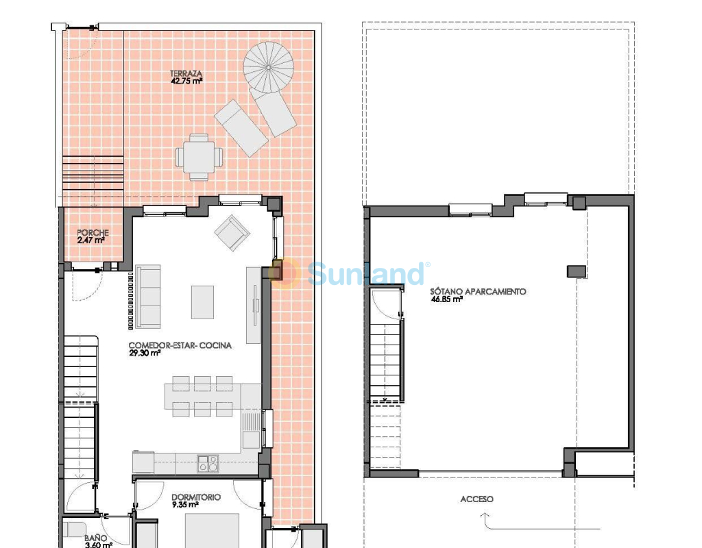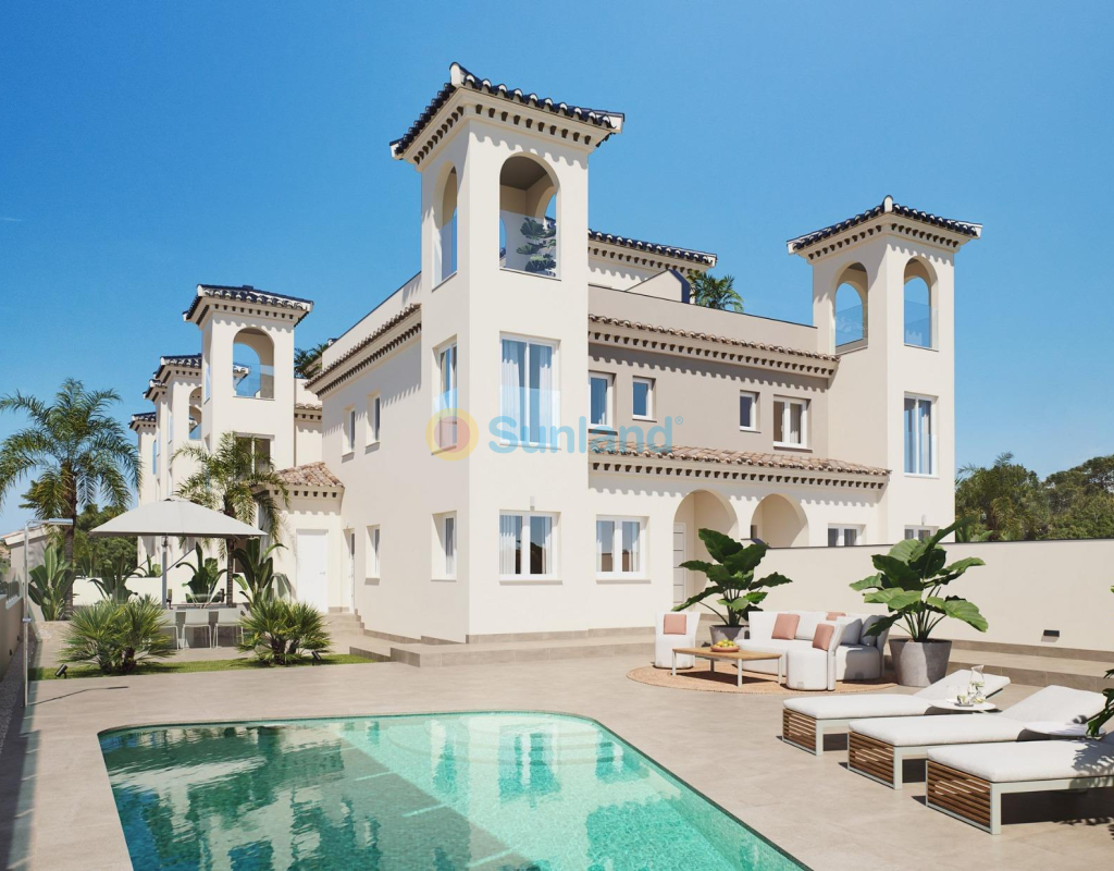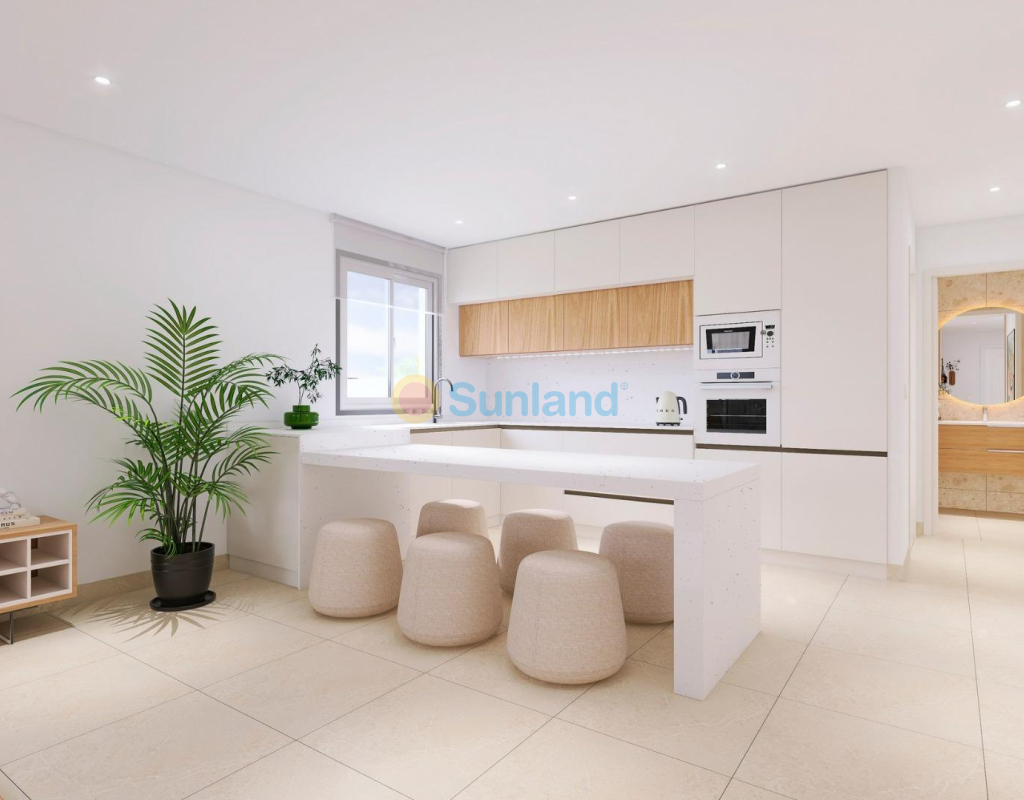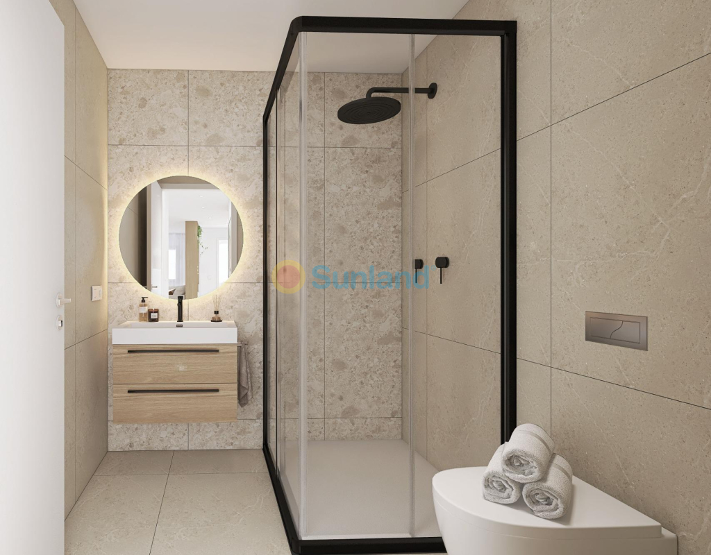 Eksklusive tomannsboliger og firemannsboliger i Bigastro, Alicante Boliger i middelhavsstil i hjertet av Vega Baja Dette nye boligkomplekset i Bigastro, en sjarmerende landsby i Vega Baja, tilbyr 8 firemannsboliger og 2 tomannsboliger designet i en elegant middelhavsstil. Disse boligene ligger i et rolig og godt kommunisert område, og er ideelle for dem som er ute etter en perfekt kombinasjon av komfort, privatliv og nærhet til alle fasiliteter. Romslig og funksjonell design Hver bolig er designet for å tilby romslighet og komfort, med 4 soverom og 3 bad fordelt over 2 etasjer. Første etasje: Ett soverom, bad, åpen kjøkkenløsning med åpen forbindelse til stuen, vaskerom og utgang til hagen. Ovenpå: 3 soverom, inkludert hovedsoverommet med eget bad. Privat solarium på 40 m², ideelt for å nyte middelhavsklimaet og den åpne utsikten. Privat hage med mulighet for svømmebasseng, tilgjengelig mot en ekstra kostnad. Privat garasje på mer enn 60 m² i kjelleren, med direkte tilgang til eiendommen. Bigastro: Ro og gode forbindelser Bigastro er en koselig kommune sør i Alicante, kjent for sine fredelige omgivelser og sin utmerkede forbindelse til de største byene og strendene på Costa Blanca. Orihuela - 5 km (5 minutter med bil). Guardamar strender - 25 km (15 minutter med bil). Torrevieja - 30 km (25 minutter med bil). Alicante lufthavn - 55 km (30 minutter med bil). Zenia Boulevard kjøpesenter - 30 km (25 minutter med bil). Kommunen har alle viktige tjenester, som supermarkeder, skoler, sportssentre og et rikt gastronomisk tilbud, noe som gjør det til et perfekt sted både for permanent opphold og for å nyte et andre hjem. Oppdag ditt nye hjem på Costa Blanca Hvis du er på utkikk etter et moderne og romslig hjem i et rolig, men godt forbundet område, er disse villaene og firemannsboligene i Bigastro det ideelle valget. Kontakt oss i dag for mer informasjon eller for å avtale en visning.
...
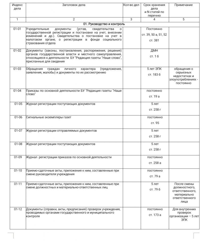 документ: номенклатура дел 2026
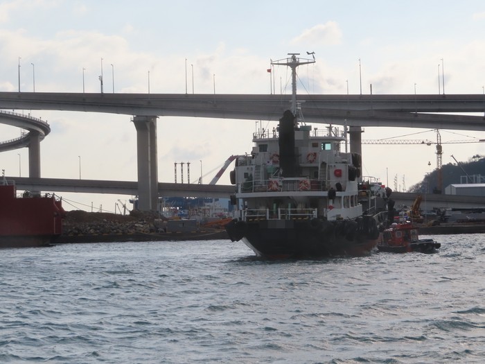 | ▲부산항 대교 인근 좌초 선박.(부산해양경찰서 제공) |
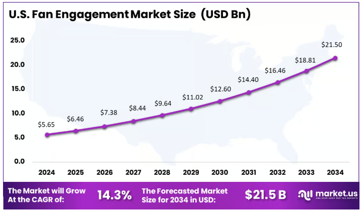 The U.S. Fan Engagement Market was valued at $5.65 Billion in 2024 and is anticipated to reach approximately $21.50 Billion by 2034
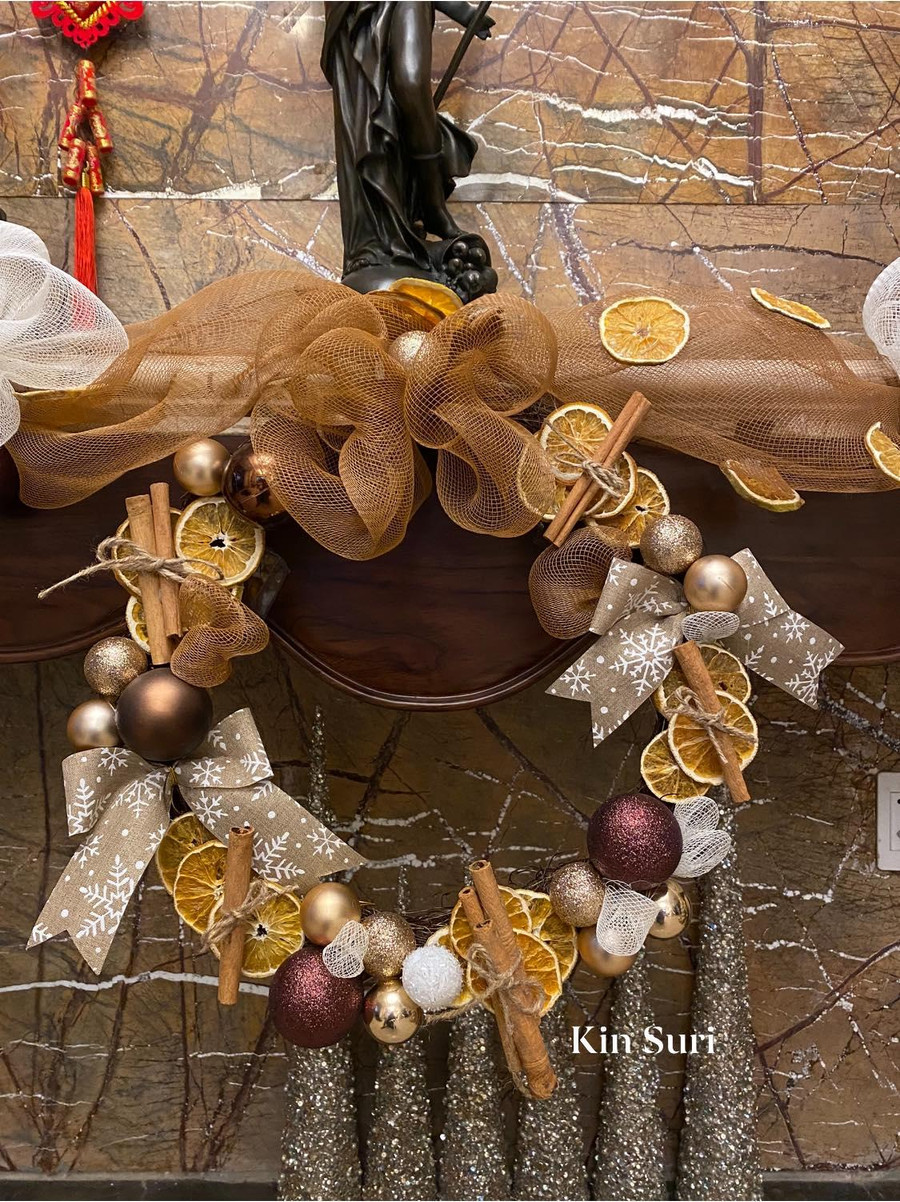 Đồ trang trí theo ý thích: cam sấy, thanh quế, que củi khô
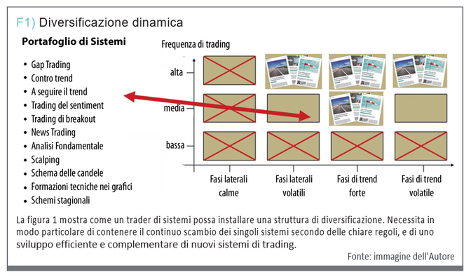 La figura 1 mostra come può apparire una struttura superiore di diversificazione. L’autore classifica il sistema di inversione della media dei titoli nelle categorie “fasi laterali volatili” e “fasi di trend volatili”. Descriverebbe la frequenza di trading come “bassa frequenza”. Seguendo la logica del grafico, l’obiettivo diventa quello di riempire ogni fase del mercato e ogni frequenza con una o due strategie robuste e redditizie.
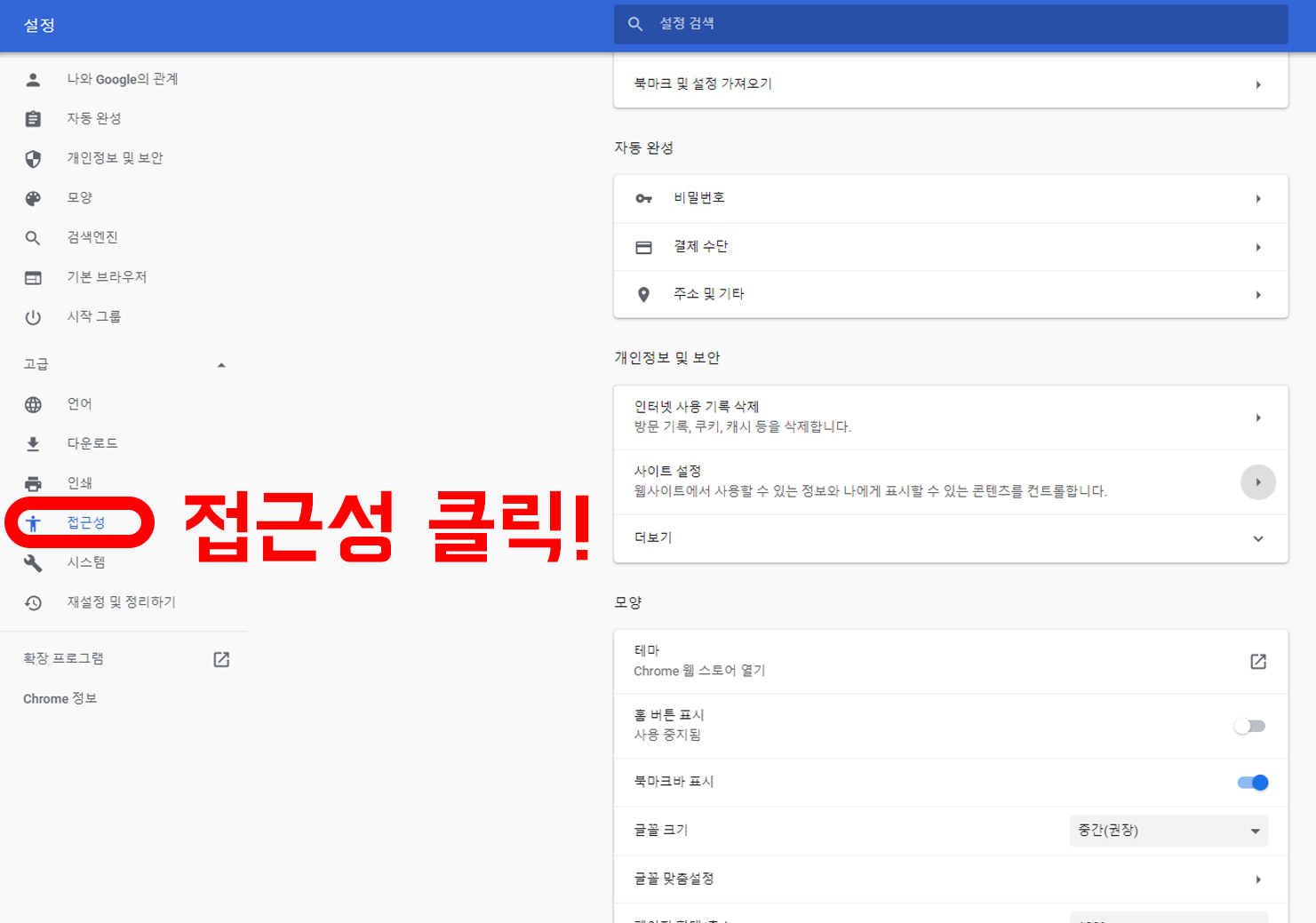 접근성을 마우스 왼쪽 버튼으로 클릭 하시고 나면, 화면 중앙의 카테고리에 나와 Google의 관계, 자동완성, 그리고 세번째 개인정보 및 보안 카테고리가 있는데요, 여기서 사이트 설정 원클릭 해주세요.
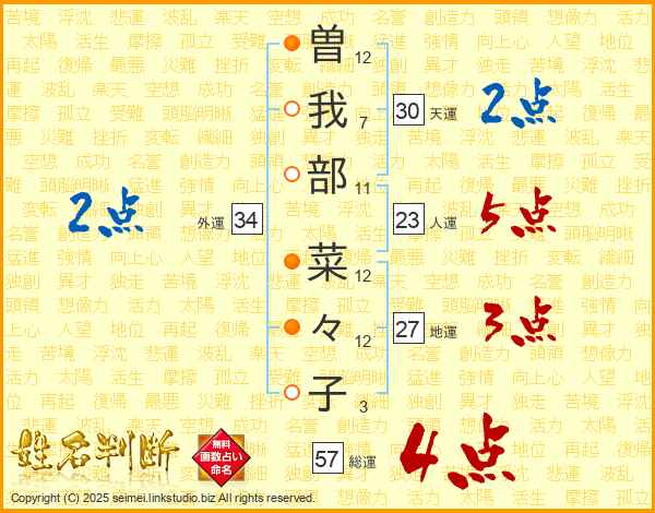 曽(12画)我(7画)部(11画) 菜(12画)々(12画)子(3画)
* * *
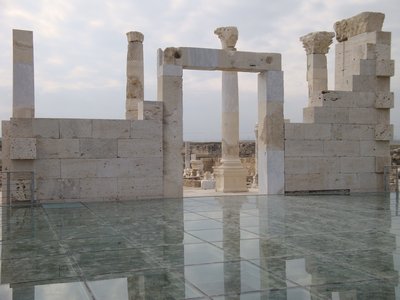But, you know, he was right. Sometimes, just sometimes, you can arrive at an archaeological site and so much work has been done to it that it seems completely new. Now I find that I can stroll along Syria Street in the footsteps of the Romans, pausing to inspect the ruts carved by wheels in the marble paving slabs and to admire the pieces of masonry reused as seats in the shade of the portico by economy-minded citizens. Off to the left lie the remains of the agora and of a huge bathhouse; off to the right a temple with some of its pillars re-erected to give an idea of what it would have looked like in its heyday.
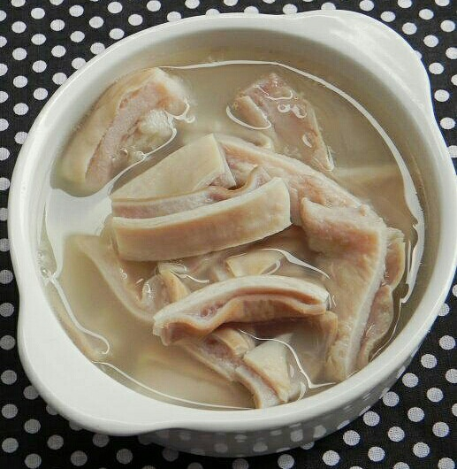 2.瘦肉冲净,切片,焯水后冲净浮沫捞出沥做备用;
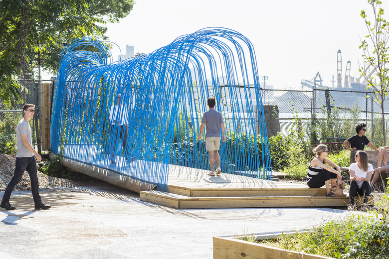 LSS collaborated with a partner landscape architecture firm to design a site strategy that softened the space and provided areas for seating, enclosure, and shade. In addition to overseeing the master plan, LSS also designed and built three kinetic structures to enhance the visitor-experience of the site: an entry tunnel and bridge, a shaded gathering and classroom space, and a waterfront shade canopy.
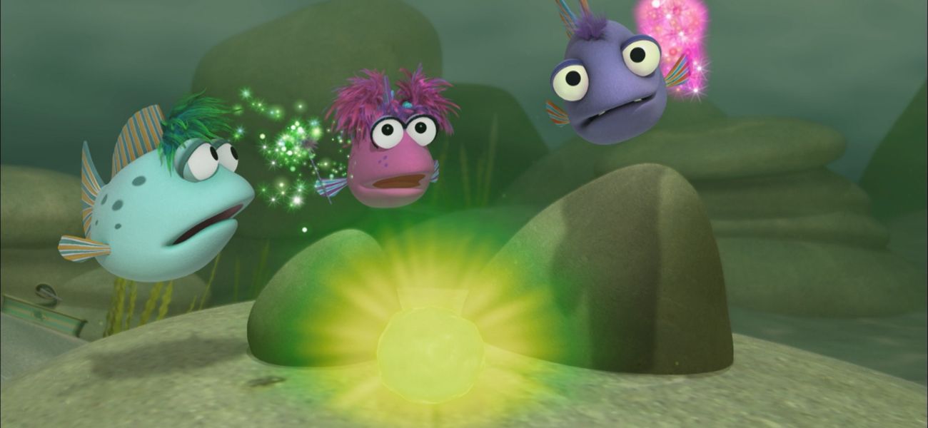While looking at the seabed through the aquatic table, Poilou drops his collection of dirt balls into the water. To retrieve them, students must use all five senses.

→ **Problem requirements**
Starting with the line that contains "선박.(부산해양경찰서 제공) |" and finishing with the line that contains "曽(12画)我(7画)部(11画) 菜(12画)々(12画)子(3画)", reproduce every line of the material above exactly, but not the pictures.

→ **Output for this task**
 | ▲부산항 대교 인근 좌초 선박.(부산해양경찰서 제공) |
 The U.S. Fan Engagement Market was valued at $5.65 Billion in 2024 and is anticipated to reach approximately $21.50 Billion by 2034
 Đồ trang trí theo ý thích: cam sấy, thanh quế, que củi khô
 La figura 1 mostra come può apparire una struttura superiore di diversificazione. L’autore classifica il sistema di inversione della media dei titoli nelle categorie “fasi laterali volatili” e “fasi di trend volatili”. Descriverebbe la frequenza di trading come “bassa frequenza”. Seguendo la logica del grafico, l’obiettivo diventa quello di riempire ogni fase del mercato e ogni frequenza con una o due strategie robuste e redditizie.
 접근성을 마우스 왼쪽 버튼으로 클릭 하시고 나면, 화면 중앙의 카테고리에 나와 Google의 관계, 자동완성, 그리고 세번째 개인정보 및 보안 카테고리가 있는데요, 여기서 사이트 설정 원클릭 해주세요.
 曽(12画)我(7画)部(11画) 菜(12画)々(12画)子(3画)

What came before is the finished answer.